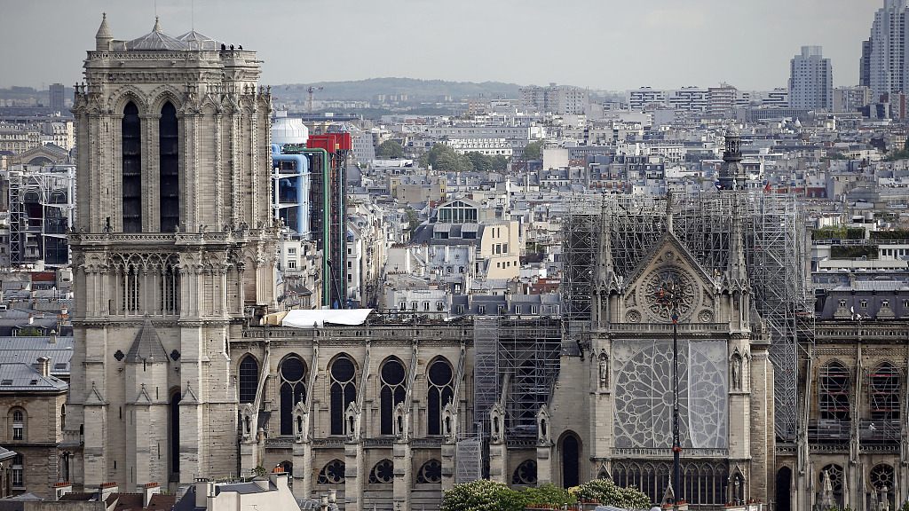 Drone images of the Notre-Dame cathedral, filmed by police, show the severe damage to the burned-out 850-year-old structure. Tarpaulins are being used to protect its interior from rain that is forecast.
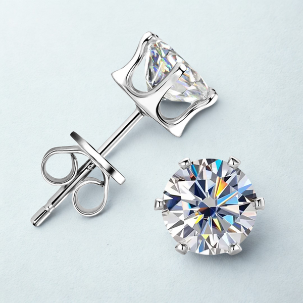 Jedes Paar ist mit einem brillantgeschliffenen, laborgezüchteten Moissanit-Diamanten besetzt – eine nachhaltige und funkelnde Alternative zu natürlichen Diamanten.
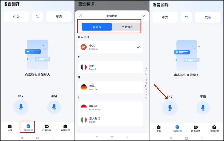 ③选择好语言后,点击“麦克风”,软件会进入实时对话翻译模式。可以直接对着手机说话,软件会实时录制你的声音并翻译成目标语言。
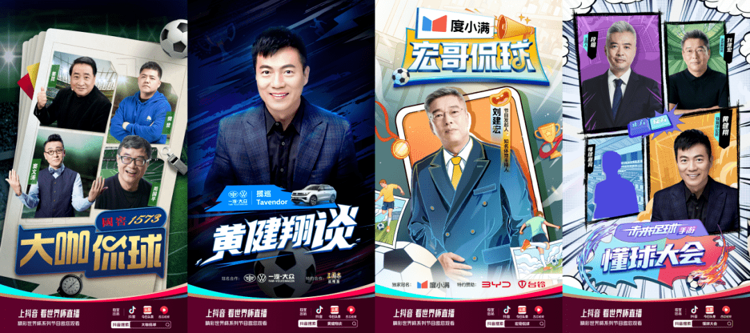 抖音提前一周上线【上抖音看世界杯】专题页,为黄健翔、范志毅等名嘴定制的栏目拉到了蒙牛、剑南春等多家赞助;央视提前一个月邀来谭咏麟用《这young的世界杯》造势;咪咕则发布了由宋世雄、王濛、詹俊领衔的咪咕解说天团宣传片,主打“元宇宙看世界杯上中国移动”的概念。
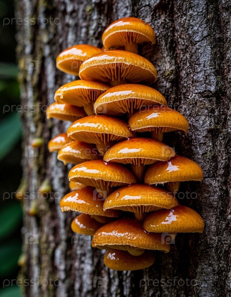 Медовые грибы на стволе дерева. Сгенерированный ИИ
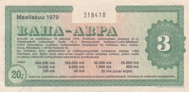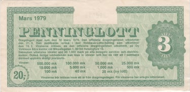 Série: RAHA-ARPA / PENNINGLOTT Valor facial: 20 markka finlandeses Data do sorteio: 16 de março de 1979 Publicação oficial dos resultados: 21 de março de 1979
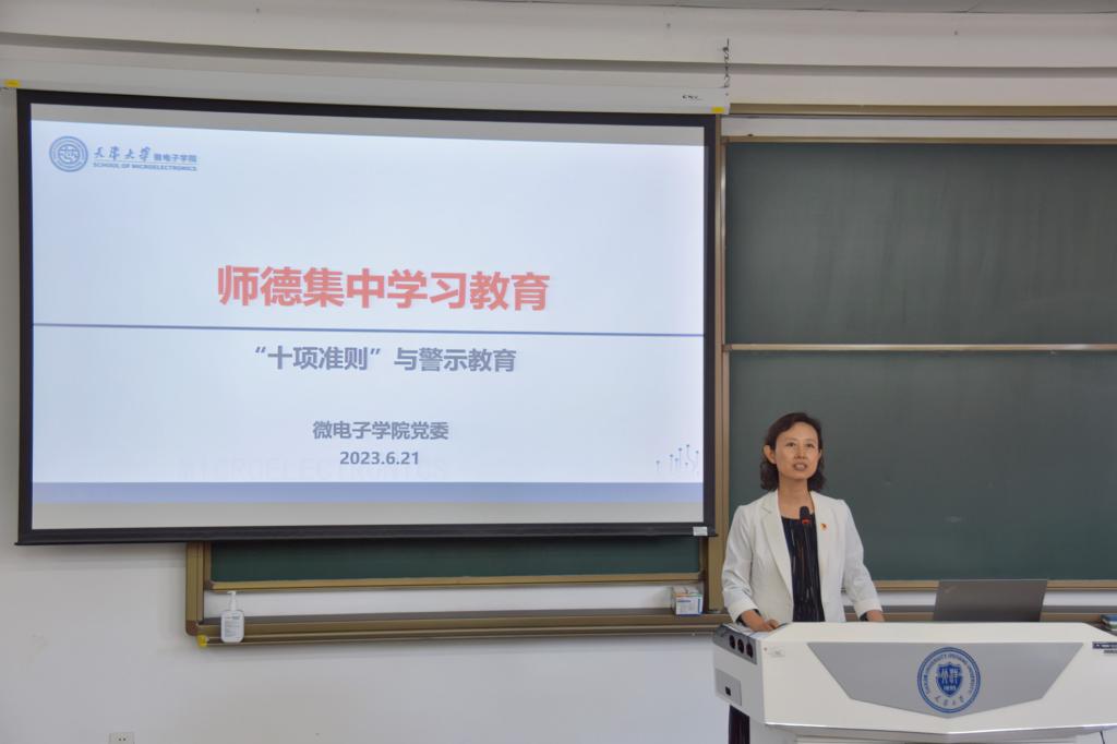 微电子学院坚持把师德师风建设摆在教师队伍建设的首要位置,把师德师风作为评价教师的第一标准,以“师德师风建设”为抓手,通过健全制度保障,选树模范典型,加强教育宣传,积极引导广大教师“以德育人”“以德治教”,自觉恪守教书育人职责、落实立德树人根本任务,为学校事业发展作出积极贡献。

============

* [WHAT NEEDS TO BE DONE]:
Transcribe exactly the line containing "Série: RAHA-ARPA /" and every line after it through the end of the listing above; pictures are not part of the copy.

* [ANSWER TO THIS TASK]:
 Série: RAHA-ARPA / PENNINGLOTT Valor facial: 20 markka finlandeses Data do sorteio: 16 de março de 1979 Publicação oficial dos resultados: 21 de março de 1979
 微电子学院坚持把师德师风建设摆在教师队伍建设的首要位置,把师德师风作为评价教师的第一标准,以“师德师风建设”为抓手,通过健全制度保障,选树模范典型,加强教育宣传,积极引导广大教师“以德育人”“以德治教”,自觉恪守教书育人职责、落实立德树人根本任务,为学校事业发展作出积极贡献。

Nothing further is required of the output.